Уйти красиво и с деньгами
Шрифт:
– Ах, Лиза, я с ума сойду от забот, – уже рядом с домом сказала Анна Терентьевна, приспуская спицы зонтика, чтобы втиснуться в патриархально-узкий проем калитки. – Твой отец не знаю что думает, пускаясь в свои прожекты с какими-то бумагами. У меня денег нет и нет, а они нужны непременно! Ты так выросла, что все на тебя заглядываются. Хотя бы этот странный юноша…
– Что в нем странного? – рассеянно спросила счастливая Лиза.
– Не знаю, но есть что-то нехорошее в лице, – весомо ответила тетя Анюта. – Между тем твое платье безбожно коротко. Когда
– А на свою Кашу она напялила какой-то угольный мешок.
– Это другое дело! Вкуса у обеих нет. К тому же старая Пшежецкая взбесилась на почве религиозного рвения. Это неприлично. Кстати, есть у меня – ты, Лиза, помнишь? – такое синее в полоску, в которое я уже, увы, не влезаю…
– Только не в полоску! Я его не надену! – вскинулась Лиза.
– Ты не дослушала! Если к этому платью надставить полосатую кокетку и сделать вставной корсажик…
– Еще и корсажик? Ни за что! Это платье в куль да в воду – у него рукава допотопные, – продолжала бунтовать Лиза.
– Можно рукава тоже сделать комбинированные и отделать тесьмой, что привезла из Саратова Евгения Николаевна…
– Ровно сто лет назад! Сейчас никто не отделывает тесьмой платья. Только гробы!

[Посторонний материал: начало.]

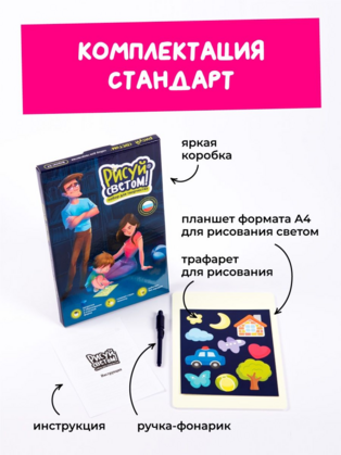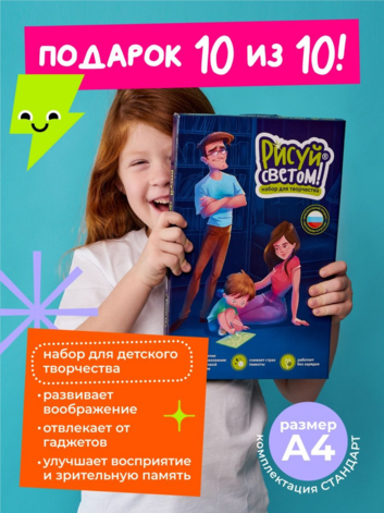 Наборы "Рисуй светом" помогают развитию детей в необычной игровой форме - дети лучше запоминают предметы, животных, буквы и цифры.

Заикнувшись про гробы, Лиза почувствовала неприятный укол памяти. Зосин гроб, унылый и роскошный, на миг восстал у нее перед глазами. Однако он тут же заслонился серой Ваниной шинелью и его обескураженной улыбкой, поэтому в сени Лиза ворвалась вихрем и состроила рожицу Артемьевне.
– Огонь девка! – одобрительно улыбнулась няня. – Куда это ты, Анюта, ее водила?
Артемьевна знала Анну Терентьевну еще юной, потому звала Анютой, а на «ты» обращалась ко всем, согласно своему невыводимому старосибирскому обычаю. Анна Терентьевна сердилась, зато Павел Терентьевич смеялся и говорил, что по-древнерусски старуха совершенно права. Он еще добавлял: «Вспомни-ка классику – «Ой ты гой еси, царь Иван Васильевич!». А ты, Анюта, все-таки не царь».
Няне Анна Терентьевна ответила рассеянно:
– Мы к Пшежецким ходили, выражать соболезнования. Это все ужасно! Старшая дочь Антонии лежит в закрытом гробу, масса цветов…
– Чего ж Лиза так прыгат? Кто ее там смешил?
– Ах, я ничего не могу понять, – отмахнулась Анна Терентьевна. – Что с ней делается, ума не приложу. Убегает куда-то, рояль забросила, говорит немыслимые вещи. И ведь всегда найдет, что ответить, выкрутится, обморочит, обцелует! Надо с ней построже.
– Не строжись, Анюта! Пускай погулят. Замуж пойдет – дома насидится, наплачется, смирная будет.
Анна Терентьевна вспыхнула:
– Ты опять за свое, няня! Как это «пускай погулят»? Как покойная Пшежецкая, что ли?
– Да разве у Казимировны дочка гуляла? – возмутилась няня. – Когда девка за деньги всем дает, это грех один!
– А без денег не грех? Оставь это, Артемьевна, и лучше скажи, где мое синее в полоску
– Синее? С пуговками по плечу? Так его моль побила. Не уберегли!
– Как побила? Дотла?
– Нет, на брюхе только.
– Так неси его мне, Лизе перешьем. Проклятые деньги! Разве так одевал меня покойный отец? Я была как кукла!
– Верно! – согласилась няня. – Стать у тебя завсегда была крупная, шшоки красные…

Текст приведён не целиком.